Top of Given data

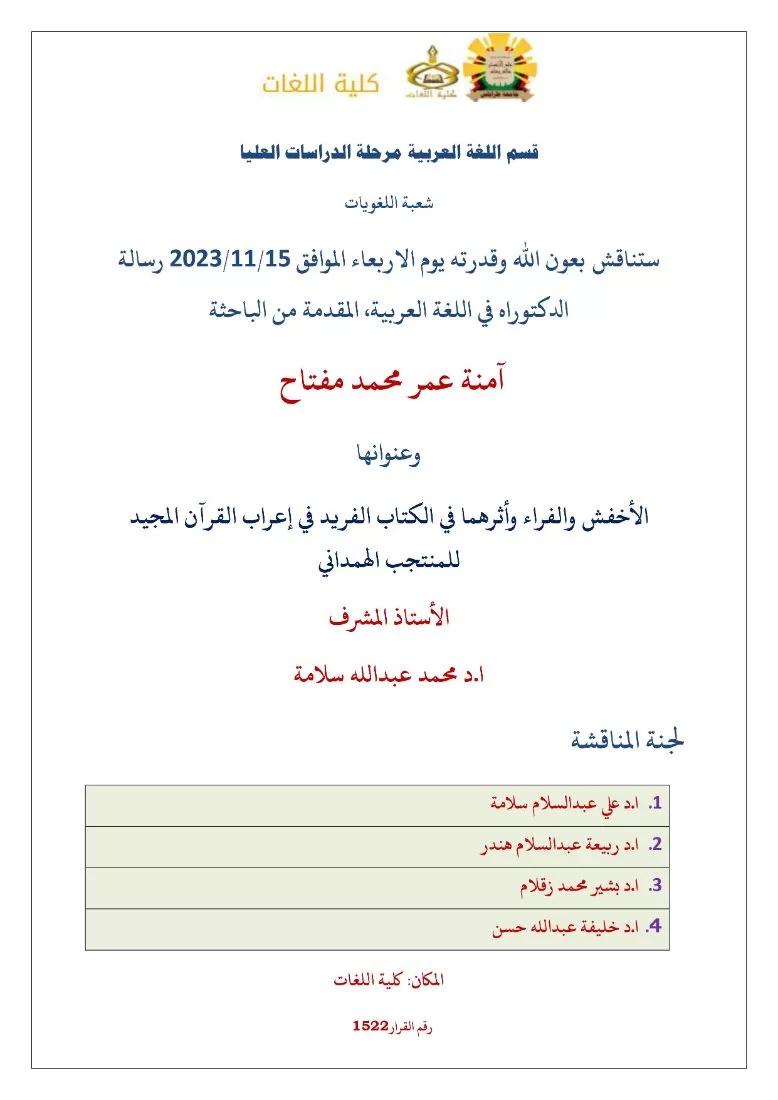 ستناقش بعون الله وقدرته يوم الاربعاء الموافق 15/11/2023 رسالة الدكتوراه في اللغة العربية، المقدمة من الباحثةآمنة عمر محمد مفتاح
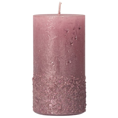 Stumpenkerze Rustic, Calla, Weihnachten in Altrosa mit Glitzer, 110 x 70 mm
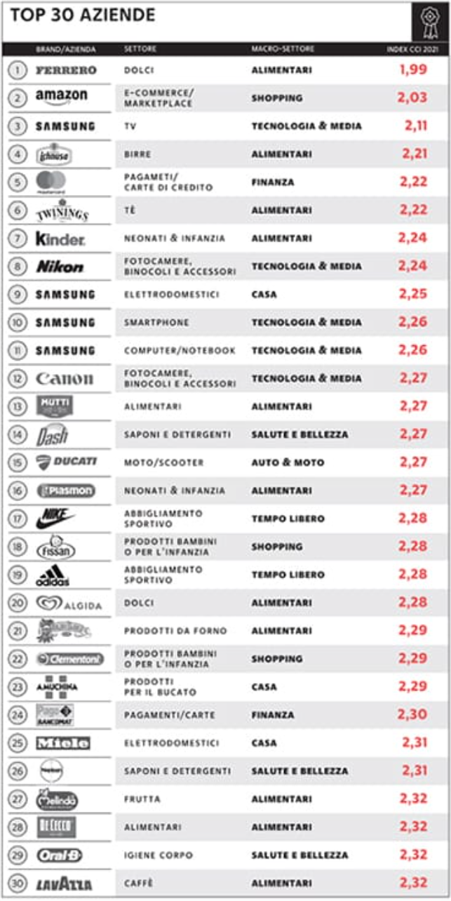 La ricerca, condotta nel mese di febbraio di quest’anno, si basa su un sondaggio online (metodo Cawi) che ha raccolto 870mila giudizi di clienti su 95 settori dell’economia italiana, totalizzando in media quasi 900 voti per ogni insegna.

Bottom of Given data

What you need to do: Exactly as written, restate all of the data, leaving out the images.

Solution to this problem:
 ستناقش بعون الله وقدرته يوم الاربعاء الموافق 15/11/2023 رسالة الدكتوراه في اللغة العربية، المقدمة من الباحثةآمنة عمر محمد مفتاح
 Stumpenkerze Rustic, Calla, Weihnachten in Altrosa mit Glitzer, 110 x 70 mm
 La ricerca, condotta nel mese di febbraio di quest’anno, si basa su un sondaggio online (metodo Cawi) che ha raccolto 870mila giudizi di clienti su 95 settori dell’economia italiana, totalizzando in media quasi 900 voti per ogni insegna.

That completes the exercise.